**DESCRIPTION OF THE TASK:** Keep the text of the data exactly as it is and omit each picture from the copy.

**STORED DATA:**
#####

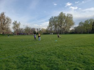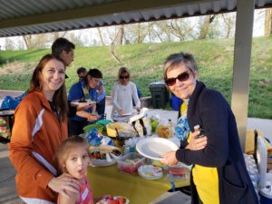 Vi hade helt underbart väder i DeKoevend parken och ungefär 50 personer kom. Stora som små, spelade kubb, kastade boll, lekte på lekplatsen och grillade medhavd mat samt delade med sej av sallader och efterrätter och de vuxna smuttade på en och annan öl eller ett glas vin. När det började mörkna startade vi eldkorgar och barnen gjorde s’mores vid elden. Kören sjöng flera härliga vårsånger och avslutade med Studentsången då studentmössorna naturligtvis höjdes i luften.
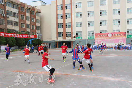 5月17日,运动员们正在进行足球比赛。当日,市足协、西凉天马足球俱乐部、武威十中联合举办“武威足协杯”校园足球联赛,旨在宣传推广科学、健康的足球健身发展理念,促进校园足球运动发展。
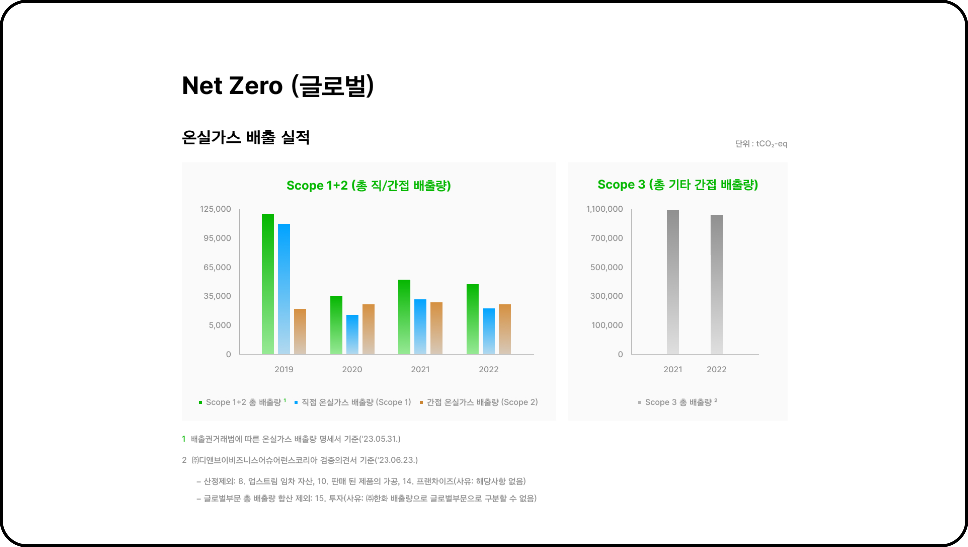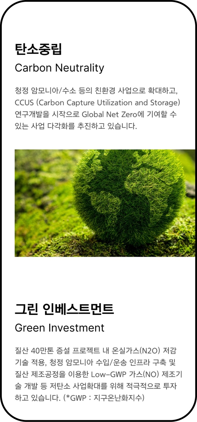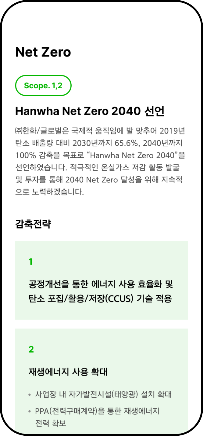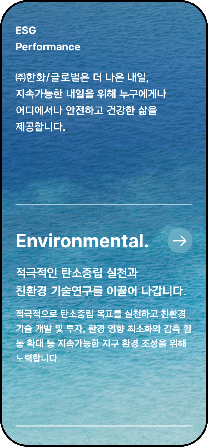 메인 화면은 ESG를 강조하는 이미지와 슬로건으로 시작해 사업 영역, 지속가능경영, 직무 인터뷰 등 다양한 콘텐츠를 최신 트렌드에 맞게 구성했습니다. 이를 통해 한화글로벌이 지향하는 비전을 명확히 전달함과 동시에 취업준비생들에게 보다 친근하고 직관적인 접근성을 제공하도록 개선했습니다.

#####

**FINISHED TASK:**
 Vi hade helt underbart väder i DeKoevend parken och ungefär 50 personer kom. Stora som små, spelade kubb, kastade boll, lekte på lekplatsen och grillade medhavd mat samt delade med sej av sallader och efterrätter och de vuxna smuttade på en och annan öl eller ett glas vin. När det började mörkna startade vi eldkorgar och barnen gjorde s’mores vid elden. Kören sjöng flera härliga vårsånger och avslutade med Studentsången då studentmössorna naturligtvis höjdes i luften.
 5月17日,运动员们正在进行足球比赛。当日,市足协、西凉天马足球俱乐部、武威十中联合举办“武威足协杯”校园足球联赛,旨在宣传推广科学、健康的足球健身发展理念,促进校园足球运动发展。
 메인 화면은 ESG를 강조하는 이미지와 슬로건으로 시작해 사업 영역, 지속가능경영, 직무 인터뷰 등 다양한 콘텐츠를 최신 트렌드에 맞게 구성했습니다. 이를 통해 한화글로벌이 지향하는 비전을 명확히 전달함과 동시에 취업준비생들에게 보다 친근하고 직관적인 접근성을 제공하도록 개선했습니다.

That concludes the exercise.